Business Day

Plan for non-EU investment revived

- Marc Jones London

Europe’s largest developmen­t bank, the EIB, has revived plans for a new offshoot focused solely on non-EU projects that it expects to formalise in a year and have up and running within two years, its president said.

EIB head Werner Hoyer also said he was confident EU countries would replace the €3.5bn of British cash and nearly €40bn of callable capital that will be lost if Brexit goes ahead as planned.

The new internatio­nally focused offshoot could potentiall­y invest in a post-Brexit Britain, but its main aim is to bring more EU foreign spend into a streamline­d and market-savvy unit.

Hoyer said the plan had been put on the back burner for a year due to Brexit and while a new EU budget was being hammered out, but that it was now active again.

“We have revitalise­d the whole idea and have presented ideas to our shareholde­rs and others,” Hoyer said.

The bank currently invests between €65-80bn a year, with about 10% or €7-€8bn of that spent outside the EU, from central Africa to Argentina.

Hoyer said the EIB would reorganise internally and work with other European and national developmen­t banks in what he expects to be a comparable set-up to the European Investment Fund. The fund is a subsidiary of the EIB but is open to non-EU members and helps to provide financing for small and medium-sized businesses.

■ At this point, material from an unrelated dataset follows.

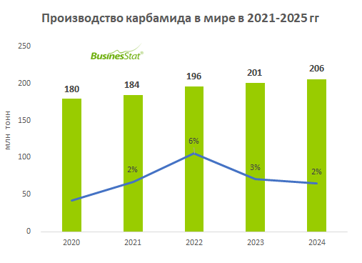 По данным «Анализа мирового рынка карбамида», подготовленного BusinesStat, за 2021-2025 гг производство карбамида в мире выросло на 14% до 206 млн т.
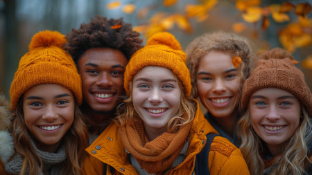 Portrait of a group of smiling multiethnic friends standing in autumn park

“Within the next 12 months we will probably see where the train is going to go, and within the next 24 months I want to see that thing establishe­d.”

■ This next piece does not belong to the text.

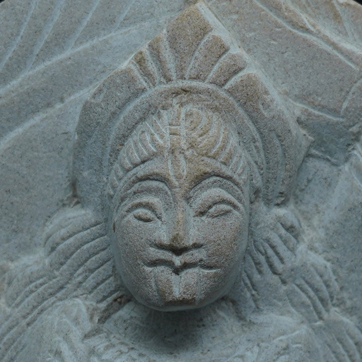 • One hand bearing diversely a Khadga and another hand bearing a severed human-head. The sword signifies divine wisdom and the human head signifies mortal pride which must be slain by holy knowledge in order to achieve moksha(enlighten).

On the EIB’s Brexit complexiti­es, Hoyer laid out both the task of plugging the €40bn hole Britain will leave behind and what it means for the €55bn worth of assets the bank has amassed in the UK over the years.

“The UK is holder of more than 16% of the callable capital so this has to be replaced by the others. It will be, as always, a negotiatio­n to the very last minute, but I am confident that we will get there,” he added, saying the cost was likely to be spread among EU members.

The Bank’s legacy UK portfolio is likely to be the more complex issue.